Undocumented workers, barrio punks with guns, high-tech strip clubs, grubby city politics, and a backpack full of dirty money—all play a part in the smart new crime novel, Pasadena Payback, by my friend and fellow indie author, M.L. Rudolph. The action mostly takes place in Pasadena, best known for its Rose Bowl and festive parades, but it starts with a gripping scene on the Arizona border and inevitably leads back there for its life-or-death finale. Serious stuff, but it’s getting there that makes this a fun, fast-paced book.
Crispín, an undocumented landscaper, is at the center of the storm. Everyone is looking for him, or maybe it’s what he knows or what he’s carrying that they want. Poor Crispín has certain obligations he never asked for and family on both sides of the border.
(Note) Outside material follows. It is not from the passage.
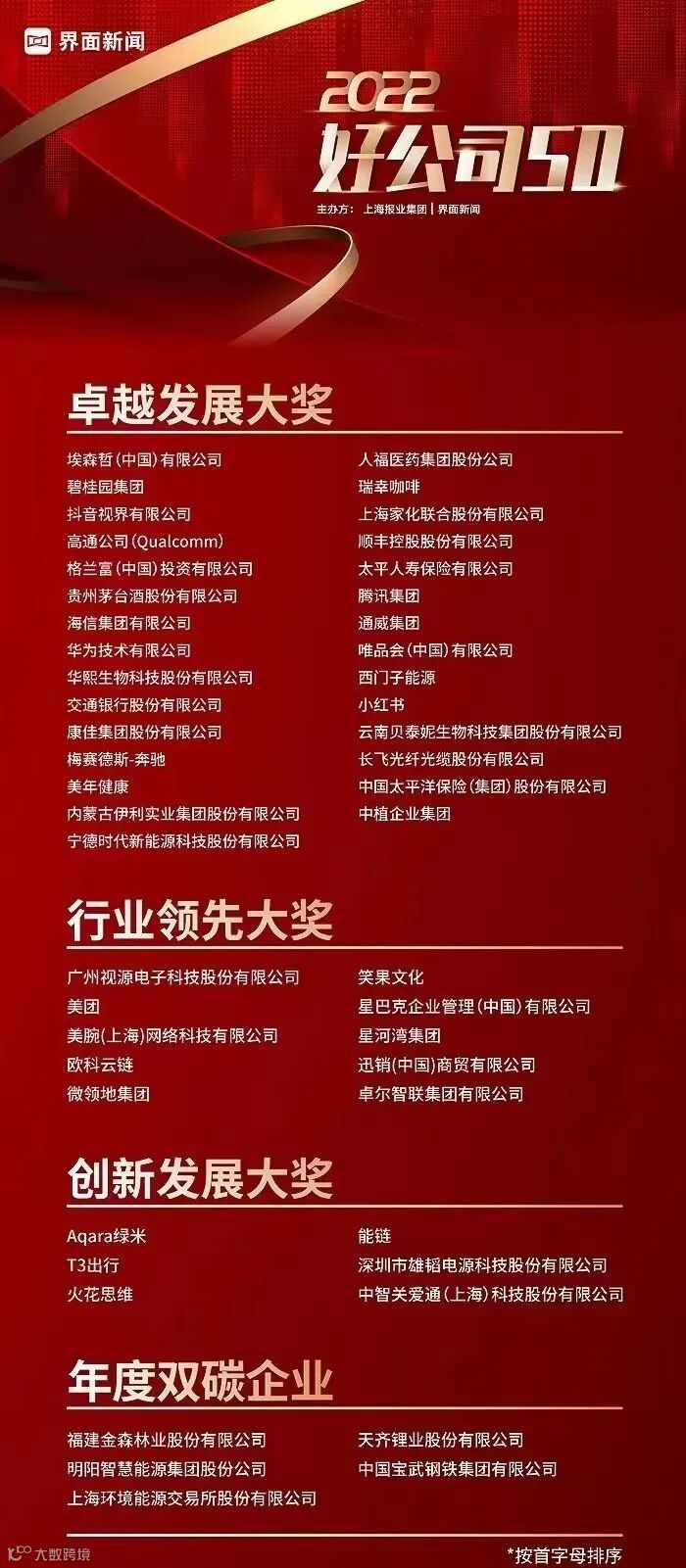 【好公司50】由上海报业集团|界面新闻发起。评选旨在评选中国市场上的卓越企业,在综合考量市场表现、创新活力、公司治理、社会声誉的基础上,通过多个环节全面衡量企业综合素质,同时依托界面新闻全行业覆盖采编资源,携手多位知名高校学者、业界专家与行业分析师,确保评选的独立性、公正性、权威性,展现优秀企业于变局下临阵不慌的战略纵深与韧性。自7月正式启动申报以来,来自39个细分行业的500余家候选公司,经过近半年的大众投票、市场表现、创新活力、公司治理、社会声誉等方面的角逐,最终50家优质企业突破重围荣登年度荣誉榜单。
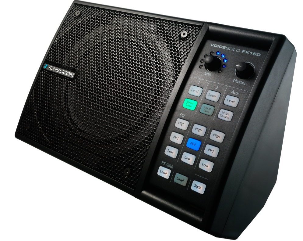 Le VoiceSolo FX150 est doté d’un haut-parleur 2 voies coaxial de 6.5” conçu spécialement par Tannoy et d’un ampli de 150W. Une console de mixage trois canaux est également intégrée, avec alimentation fantôme 48V pour les micros à condensateur et l’inclusion d’une technologie DSP Vocal Tone propriétaire sur chaque entrée micro qui gère la compression, l’égalisation, le de-essing et le gate sur les voix. 9 types d’effets provenant du VoieLive 3 sont aussi au menu (doubleur, harmonie, écho, HardTune, Flanger, Choeurs ou 9 types de réverbe…). Notez que la réverbe pourra être activée à distance si vous utilisez les micros TC Helicon MP75 ou Sennheiser e835 FX.

He’s just trying to keep a low profile like all those men who stand in front of the Home Depot looking for day jobs. But things go quickly awry.
Rudolph has lots of fun exposing the flaws of the people looking for Crispín, and for me it was this social satire that made the book so enjoyable. Everyone wants power—control really—over others. The ones with power are looking to keep it; the ones with money are looking to buy it; the ones without money are looking to steal it. Power, it turns out, is illusory and quickly vanishes because there’s always a price, or a payback, for getting it.
I enjoyed the West African setting of Rudolph’s first novel, Facing the Son, but this one is even better. It’s gritty, contemporary and right in our own backyard, with characters and issues that are all too real.